EXERCISE DESCRIPTION: In the material below, find the span from the line with "じゃが芋の植え付けを行いまし" to the line with "札幌の名店「純連」、熊本ラー" and transcribe only those lines, exactly, ends included, without the pictures.

PROVIDED MATERIAL:
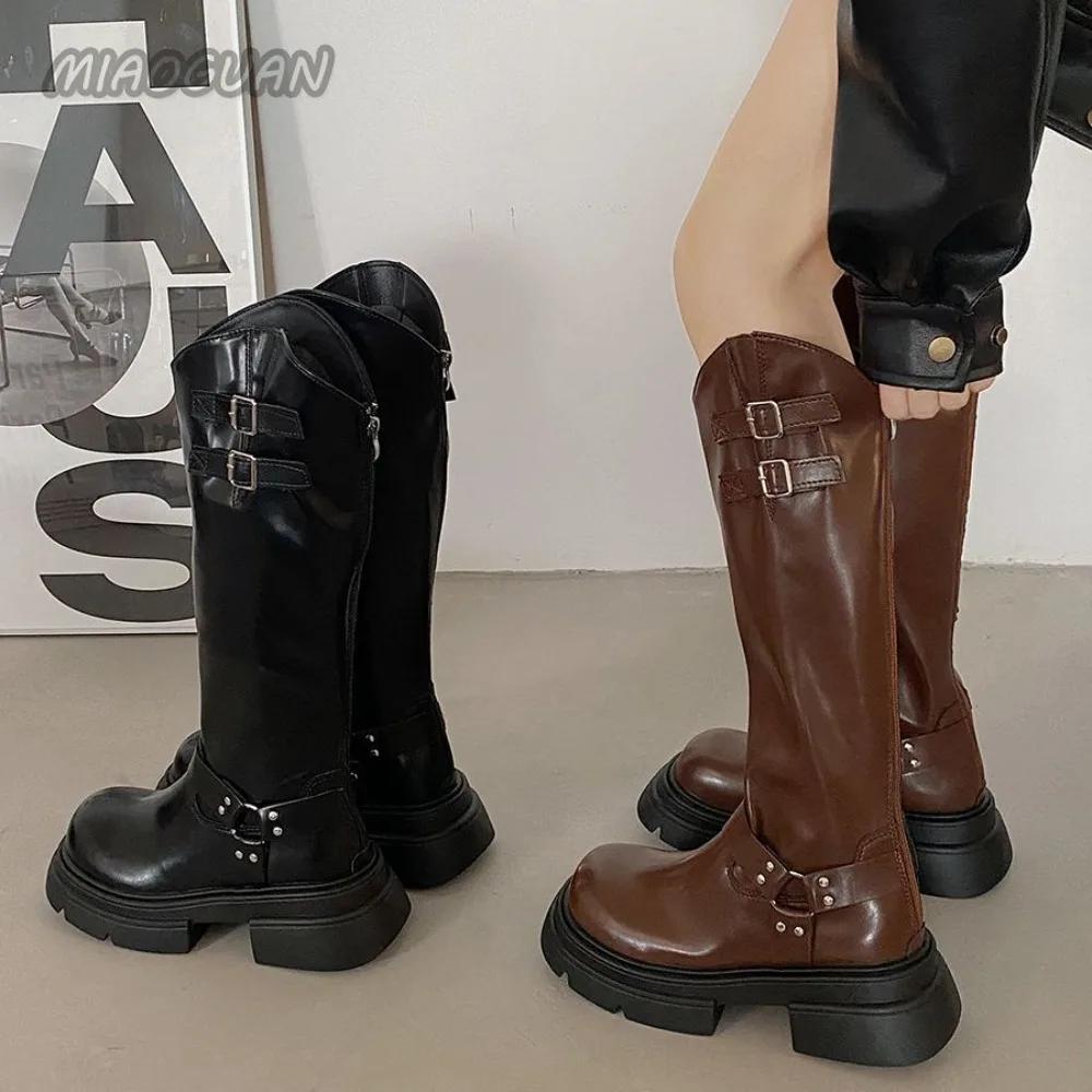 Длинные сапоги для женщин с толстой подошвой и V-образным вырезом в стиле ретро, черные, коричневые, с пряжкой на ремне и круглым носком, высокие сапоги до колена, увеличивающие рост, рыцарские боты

--

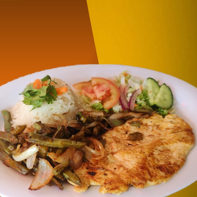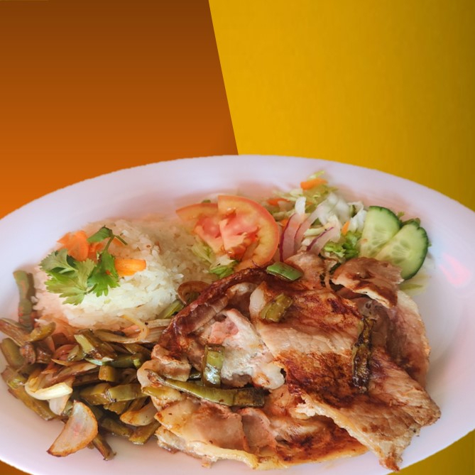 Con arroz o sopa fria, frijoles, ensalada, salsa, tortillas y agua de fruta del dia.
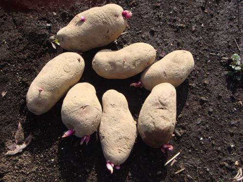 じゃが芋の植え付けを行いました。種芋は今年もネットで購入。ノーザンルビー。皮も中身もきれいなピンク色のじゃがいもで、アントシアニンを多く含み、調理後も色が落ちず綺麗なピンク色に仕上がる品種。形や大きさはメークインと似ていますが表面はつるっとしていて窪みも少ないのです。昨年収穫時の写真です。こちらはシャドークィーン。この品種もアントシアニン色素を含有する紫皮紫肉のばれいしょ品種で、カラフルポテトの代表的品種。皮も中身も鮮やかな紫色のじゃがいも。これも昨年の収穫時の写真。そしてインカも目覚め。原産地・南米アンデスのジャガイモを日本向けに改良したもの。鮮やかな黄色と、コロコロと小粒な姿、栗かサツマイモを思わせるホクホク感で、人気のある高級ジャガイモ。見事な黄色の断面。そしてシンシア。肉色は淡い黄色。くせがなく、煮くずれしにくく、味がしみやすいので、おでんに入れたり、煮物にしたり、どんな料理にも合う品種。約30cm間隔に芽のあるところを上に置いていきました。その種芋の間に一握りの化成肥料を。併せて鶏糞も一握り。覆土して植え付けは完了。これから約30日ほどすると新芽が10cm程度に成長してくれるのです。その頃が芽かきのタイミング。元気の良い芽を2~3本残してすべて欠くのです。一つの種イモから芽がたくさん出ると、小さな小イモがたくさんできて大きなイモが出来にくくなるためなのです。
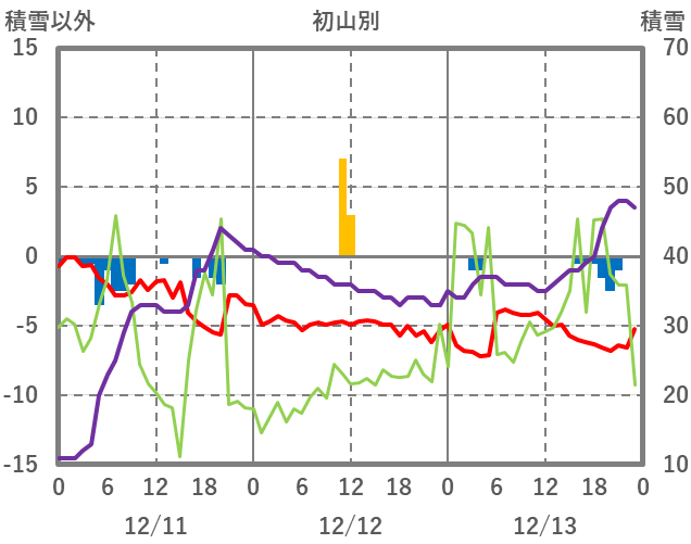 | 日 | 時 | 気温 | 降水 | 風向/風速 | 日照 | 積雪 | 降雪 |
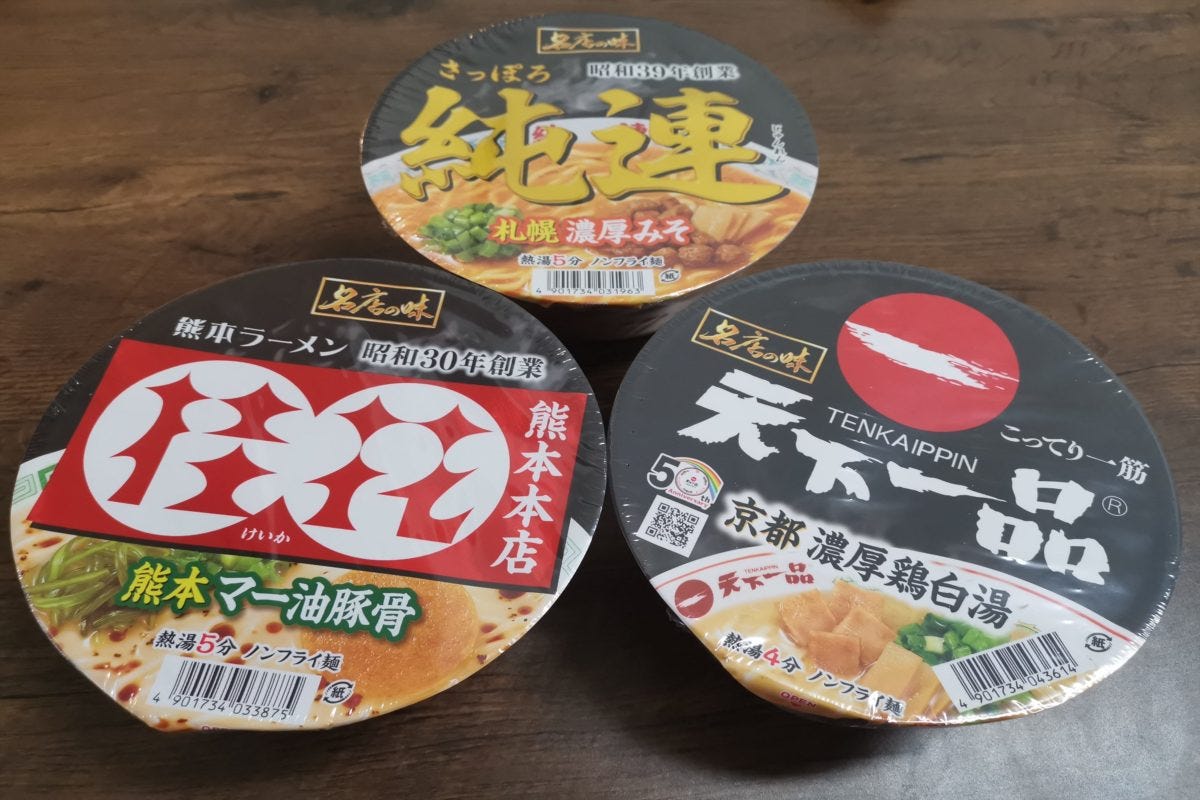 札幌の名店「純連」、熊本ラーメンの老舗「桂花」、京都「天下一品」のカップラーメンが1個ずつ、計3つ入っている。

EXERCISE RESULT:
 じゃが芋の植え付けを行いました。種芋は今年もネットで購入。ノーザンルビー。皮も中身もきれいなピンク色のじゃがいもで、アントシアニンを多く含み、調理後も色が落ちず綺麗なピンク色に仕上がる品種。形や大きさはメークインと似ていますが表面はつるっとしていて窪みも少ないのです。昨年収穫時の写真です。こちらはシャドークィーン。この品種もアントシアニン色素を含有する紫皮紫肉のばれいしょ品種で、カラフルポテトの代表的品種。皮も中身も鮮やかな紫色のじゃがいも。これも昨年の収穫時の写真。そしてインカも目覚め。原産地・南米アンデスのジャガイモを日本向けに改良したもの。鮮やかな黄色と、コロコロと小粒な姿、栗かサツマイモを思わせるホクホク感で、人気のある高級ジャガイモ。見事な黄色の断面。そしてシンシア。肉色は淡い黄色。くせがなく、煮くずれしにくく、味がしみやすいので、おでんに入れたり、煮物にしたり、どんな料理にも合う品種。約30cm間隔に芽のあるところを上に置いていきました。その種芋の間に一握りの化成肥料を。併せて鶏糞も一握り。覆土して植え付けは完了。これから約30日ほどすると新芽が10cm程度に成長してくれるのです。その頃が芽かきのタイミング。元気の良い芽を2~3本残してすべて欠くのです。一つの種イモから芽がたくさん出ると、小さな小イモがたくさんできて大きなイモが出来にくくなるためなのです。
 | 日 | 時 | 気温 | 降水 | 風向/風速 | 日照 | 積雪 | 降雪 |
 札幌の名店「純連」、熊本ラーメンの老舗「桂花」、京都「天下一品」のカップラーメンが1個ずつ、計3つ入っている。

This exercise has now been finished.